Accusations of ‘fake news’ which target the credibility of responsible media organisations, pale both in the face of the violence and danger to life and limb that journalists in many Asian countries face, and of legal proceedings taken against them by governments or powerful corporations. The limits of the law are often uncertain and challenging them carries a costly risk.
In Myanmar the jailing of two Reuters journalists for investigating alleged army atrocities against the minority Muslim Rohingya community was the product of an ostensibly legal process, though one that – despite Aung San Suu Kyi’s defence of it – has seemed to many of Myanmar’s international partners to have been deeply flawed. The murder of the dissident Saudi journalist Jamal Khashoggi in the Saudi Arabian consulate in Istanbul could have no defence.
The rigours of the law against blasphemy in Pakistan may have been tempered by the release of Asia Bibi, a Christian woman held under sentence of death for eight years. But the assassination of two leading Pakistani politicians who had criticised the law and the widespread protests by conservative Muslims against her release occurred in a climate in which the threat of mob law speaks louder even than the harsh judicial penalties enshrined in the law itself.

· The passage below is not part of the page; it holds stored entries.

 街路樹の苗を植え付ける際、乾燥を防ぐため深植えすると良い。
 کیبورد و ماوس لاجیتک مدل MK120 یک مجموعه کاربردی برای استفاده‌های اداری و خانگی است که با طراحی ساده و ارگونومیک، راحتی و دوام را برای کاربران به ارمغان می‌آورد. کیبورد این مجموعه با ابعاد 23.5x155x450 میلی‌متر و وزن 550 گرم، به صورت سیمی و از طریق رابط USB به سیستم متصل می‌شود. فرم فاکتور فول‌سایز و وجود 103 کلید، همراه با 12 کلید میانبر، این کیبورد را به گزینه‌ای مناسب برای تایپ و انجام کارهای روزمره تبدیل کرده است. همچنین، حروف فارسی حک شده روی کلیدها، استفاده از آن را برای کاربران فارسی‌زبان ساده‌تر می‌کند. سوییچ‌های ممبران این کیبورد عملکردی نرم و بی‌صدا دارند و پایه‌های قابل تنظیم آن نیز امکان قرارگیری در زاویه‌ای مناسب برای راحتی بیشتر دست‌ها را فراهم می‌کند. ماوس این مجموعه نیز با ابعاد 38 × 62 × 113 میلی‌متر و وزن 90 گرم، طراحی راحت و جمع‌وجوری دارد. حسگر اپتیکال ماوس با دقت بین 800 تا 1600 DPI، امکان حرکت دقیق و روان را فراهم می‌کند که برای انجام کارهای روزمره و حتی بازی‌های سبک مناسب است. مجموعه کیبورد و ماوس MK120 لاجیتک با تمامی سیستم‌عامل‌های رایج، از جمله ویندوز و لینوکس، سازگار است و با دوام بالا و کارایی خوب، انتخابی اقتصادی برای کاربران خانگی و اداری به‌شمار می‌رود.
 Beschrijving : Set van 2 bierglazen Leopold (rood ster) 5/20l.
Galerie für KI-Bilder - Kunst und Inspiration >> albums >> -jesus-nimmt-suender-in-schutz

In Sri Lanka, the experience of 30 years of insurgency and emergency rule remained fresh in people’s minds even after the extra-judicial killings common on both sides during the civil war were ended.

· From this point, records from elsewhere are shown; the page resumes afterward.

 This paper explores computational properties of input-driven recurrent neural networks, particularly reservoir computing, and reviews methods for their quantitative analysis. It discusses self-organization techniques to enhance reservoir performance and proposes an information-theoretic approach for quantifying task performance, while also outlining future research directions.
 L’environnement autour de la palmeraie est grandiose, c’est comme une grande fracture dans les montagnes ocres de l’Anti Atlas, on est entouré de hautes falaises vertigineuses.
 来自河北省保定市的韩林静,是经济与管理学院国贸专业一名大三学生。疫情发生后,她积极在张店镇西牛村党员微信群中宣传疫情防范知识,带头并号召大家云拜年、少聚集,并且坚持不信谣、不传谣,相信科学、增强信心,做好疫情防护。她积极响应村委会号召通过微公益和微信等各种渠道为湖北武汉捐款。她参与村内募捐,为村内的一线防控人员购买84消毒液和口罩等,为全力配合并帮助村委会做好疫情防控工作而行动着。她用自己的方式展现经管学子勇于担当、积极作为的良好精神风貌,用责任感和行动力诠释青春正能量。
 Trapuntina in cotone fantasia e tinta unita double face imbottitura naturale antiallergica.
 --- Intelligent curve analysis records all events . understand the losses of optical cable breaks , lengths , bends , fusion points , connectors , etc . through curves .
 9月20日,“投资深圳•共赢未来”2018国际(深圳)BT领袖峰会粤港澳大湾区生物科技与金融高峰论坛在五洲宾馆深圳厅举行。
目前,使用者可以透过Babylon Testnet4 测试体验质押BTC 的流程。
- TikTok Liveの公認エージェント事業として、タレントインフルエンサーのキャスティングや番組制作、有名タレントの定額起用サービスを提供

International civil society organisations such as Reporters without Borders and the Committee to Protect Journalists (CPJ) perform a key role in analysing issues of media freedom. This includes monitoring instances where journalists have been threatened or otherwise intimidated, attacked or killed in the course of their work, often while investigating alleged corruption.
The CPJ has highlighted three cases in India in the past month:
- the Ambani controlled Reliance Group is suing NDTV for its allegedly misleading reporting of a deal to build French jet fighters in India
- the case of a local reporter beaten to death in Jharkhand
- a Doordarshan (Indian State Television) video camera man killed in a Maoist attack in Chhattisgarh
The state authorities are supposedly investigating the killings. But the CPJ’s ‘Impunity Index’ highlights every year 14 countries with the worst records of impunity, where journalists have been killed and few of the perpetrators brought to justice. India and Pakistan have both been on that list for the past 11 years and Bangladesh for the last eight.

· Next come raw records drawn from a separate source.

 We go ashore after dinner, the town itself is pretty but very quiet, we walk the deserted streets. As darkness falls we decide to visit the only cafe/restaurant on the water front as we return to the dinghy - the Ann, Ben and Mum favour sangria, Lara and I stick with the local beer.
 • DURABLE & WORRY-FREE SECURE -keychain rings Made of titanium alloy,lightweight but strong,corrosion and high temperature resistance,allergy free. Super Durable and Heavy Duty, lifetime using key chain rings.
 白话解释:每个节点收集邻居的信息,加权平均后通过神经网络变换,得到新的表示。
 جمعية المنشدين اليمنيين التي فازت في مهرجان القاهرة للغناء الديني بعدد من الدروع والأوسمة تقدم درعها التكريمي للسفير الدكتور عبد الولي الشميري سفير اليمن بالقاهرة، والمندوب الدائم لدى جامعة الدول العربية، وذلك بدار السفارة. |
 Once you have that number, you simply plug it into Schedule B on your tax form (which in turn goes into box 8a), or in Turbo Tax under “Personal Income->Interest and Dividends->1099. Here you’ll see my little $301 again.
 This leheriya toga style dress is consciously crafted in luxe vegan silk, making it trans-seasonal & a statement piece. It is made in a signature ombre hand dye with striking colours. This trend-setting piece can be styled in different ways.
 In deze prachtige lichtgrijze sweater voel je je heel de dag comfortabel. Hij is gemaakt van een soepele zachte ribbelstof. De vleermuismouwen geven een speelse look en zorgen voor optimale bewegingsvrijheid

This is the sharp and dangerous edge of media work, and the publication of accurate data is intended to prevent such events occurring in future. But the ongoing challenge is to promote – whether through regulation or self-regulation – an ethical administrative and legal framework in which press and media freedoms can be protected and legitimately enhanced.
Like all the world’s media, those in south Asia have undergone a radical transformation in the past 25 years. The explosion of digital social media, instant reporting and 24-hour news have transformed the economics of the media and perceptions of its core purposes. In south Asia, this revolution has been even more extensive with the ending since the mid-1990s of the monopoly of government controlled TV and radio broadcasting. While in India the 1995 Supreme Court judgement declaring the airwaves open to the public was the catalyst, and change in India has been replicated in other countries of the subcontinent.
Competition for advertising from global and private regional language channels, and the drop in revenue for the state broadcasters, which continued to depend largely on advertising, compounded the problem. From the position of weakness to which they were reduced, the challenge to the ethos of public service broadcasting, which the state broadcasters claimed to fulfil, became greater.
The argument for operational autonomy which many of the state broadcasters had vigorously supported ceased to be so persuasive, as national governments claimed the right to have their own voice in a market where commercial channels have come to dominate the field. In India, official guidelines on uplinking commercial TV services were cautiously liberalised over ten years after 2000, and consolidated in legislation in 2011. At the same time, measures were taken to support the Prasar Bharati Corporation, which manages state TV and radio under effective government control.
Just as TV and broadcasting had continued to be regulated for many years by an ancient statute, the Indian Telegraph Act of 1885, in India the first response to TV pluralism in the 1990s was to regulate the cable services which distributed the new channels. For the past 20 years, the most far reaching ideas for television and the print media have been put forward by the Telecom Regulatory Authority of India (TRAI), a government body set up 1997.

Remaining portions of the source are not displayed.